A short (and belated) answer to a very old question. The warning is because some of the cells in the cross tabulation of the variables (for example, variables 1 and 2) have 0 values in the cells. This can lead to problems in estimation.
The polychoric (and tetrachoric) correlations are normal theory approximations of what would happen if bivariate normal (and continuous) data were converted into categorical (dichotomous for tetrachorics, polytomous for polychorics) data. The normal theory approximation assumes that all cells have some value. However, the correlations can be found with 0 cell values, but with a warning. The resulting correlations are correct, but unstable, in that if we add a small correction for continuity (i.e., add .1 or .5 to the 0 cells), the values change a great deal. This problem is discussed by Gunther and Hofler for the case of tetrachoric correlations where they compare solutions with and with the correction for continuity.

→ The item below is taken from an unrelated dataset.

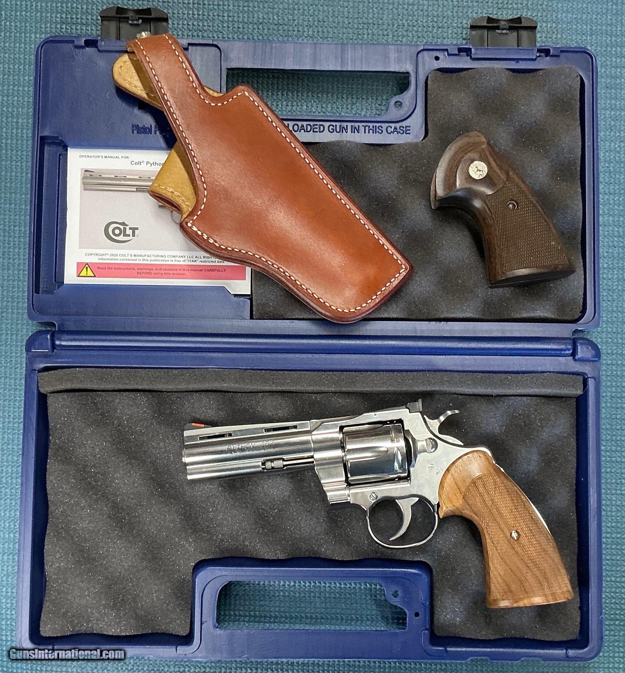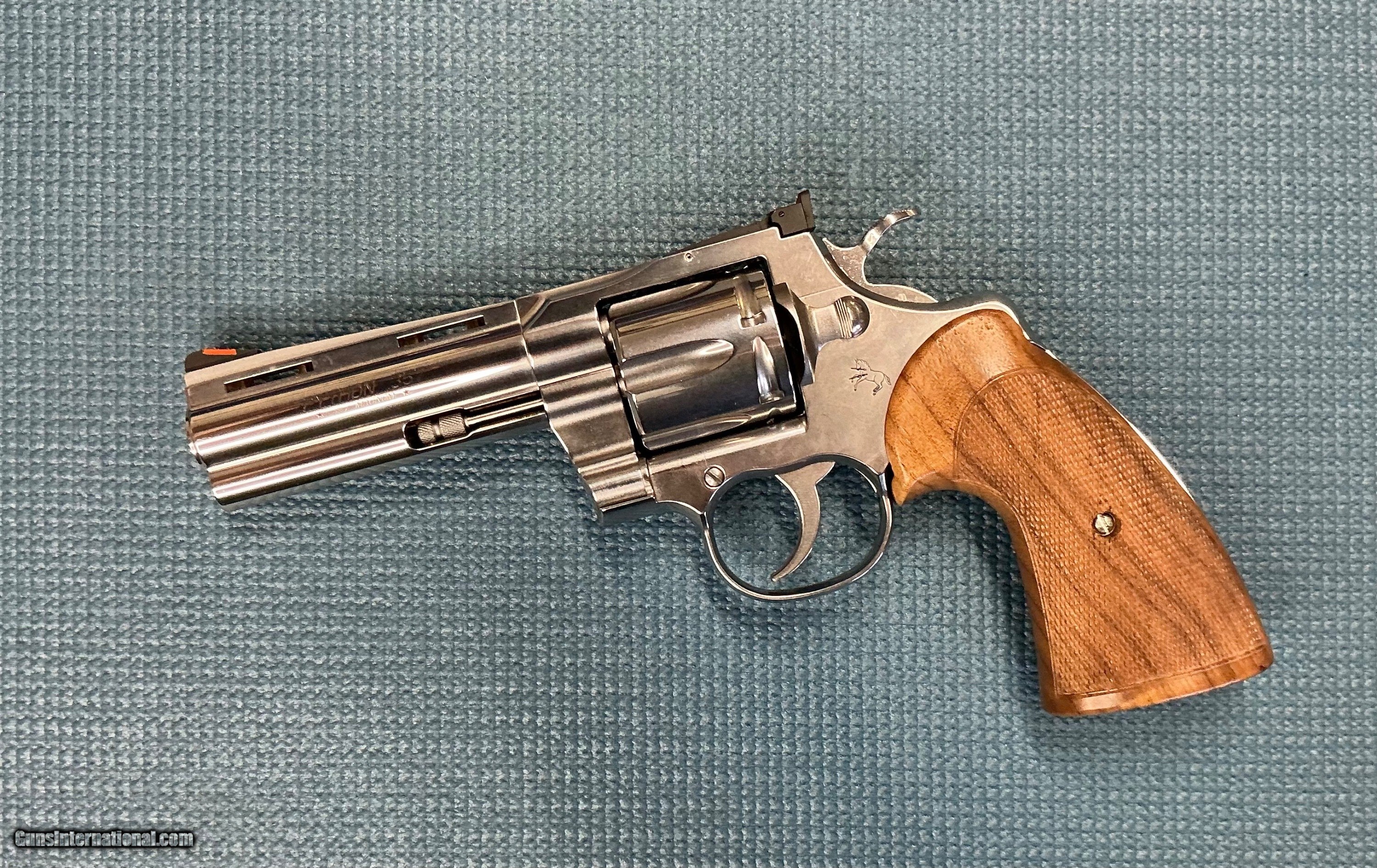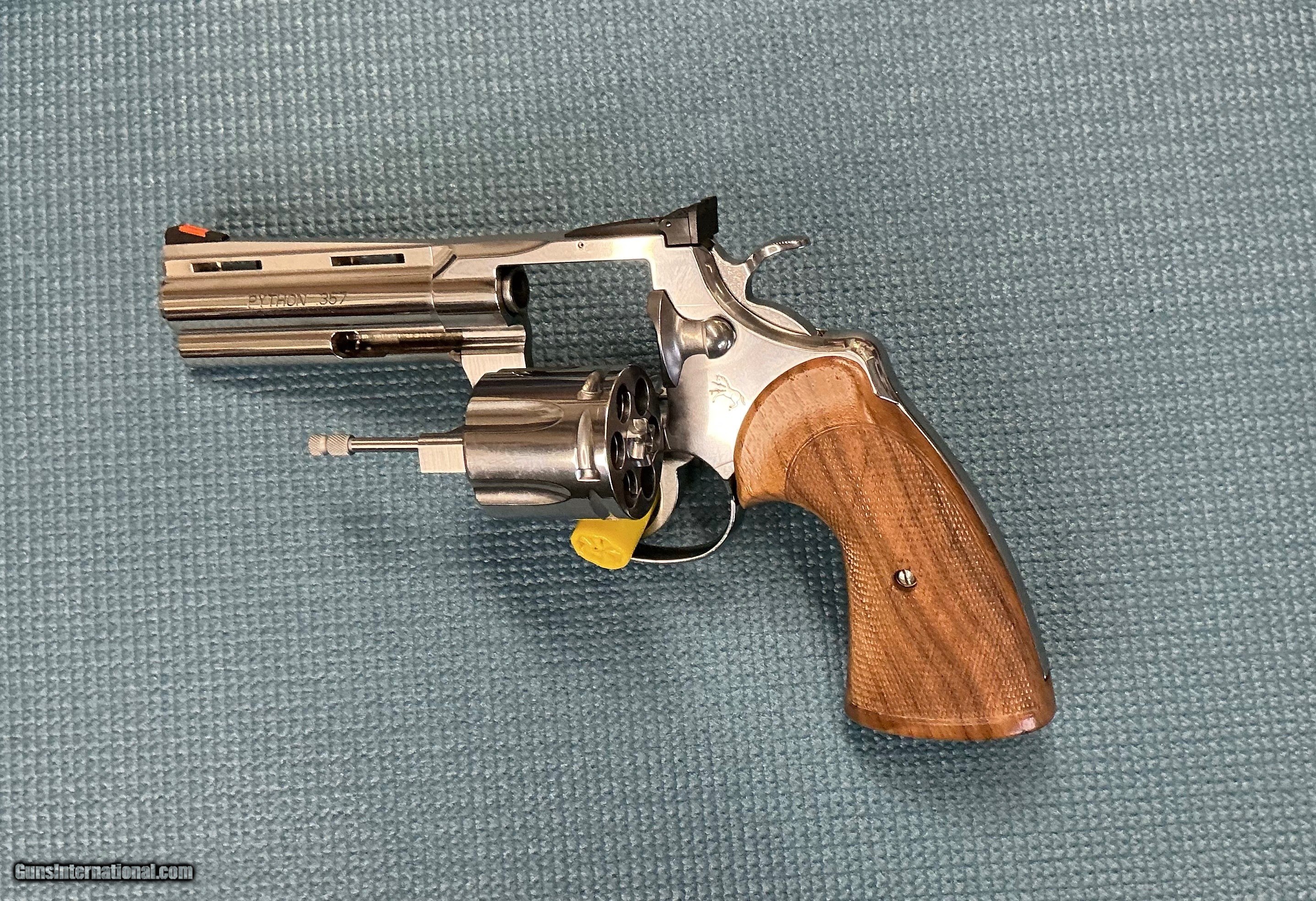 Description: Colt Python .357 Magnum, 4 inch barrel. This gun is NEW in the box. Never fired. This gun was tuned by Heffron Precision. New Walnut Grips checkered by Frank Flanvin. Also includes the stock grips. Wilson Combat Rear Sight. Also comes with a Lined El Paso Holster and the original Colt box with all the factory paperwork. Insured shipping wil be $125.00 to the Continental United States Handgun Caliber: .357 Magnum Price: $1,995.00 Shipping: $75.00 Contact Seller |

(See the article by A. Gunther and M. Hofler. Different results on tetrachorical correlations in mplus and stata-stata announces modified procedure. Int J Methods Psychiatr Res, 15(3):157-66, 2006. for a discussion of this problem with tetrachoric correlations.)
Using the polychoric function in the psych package, we find the same answer as the hetcor function from polycor if we do not apply the correction for continuity, but somewhat different values if we do correct for continuity. I recommend the correction.
See the help function for polychoric in psych for a longer discussion of this problem.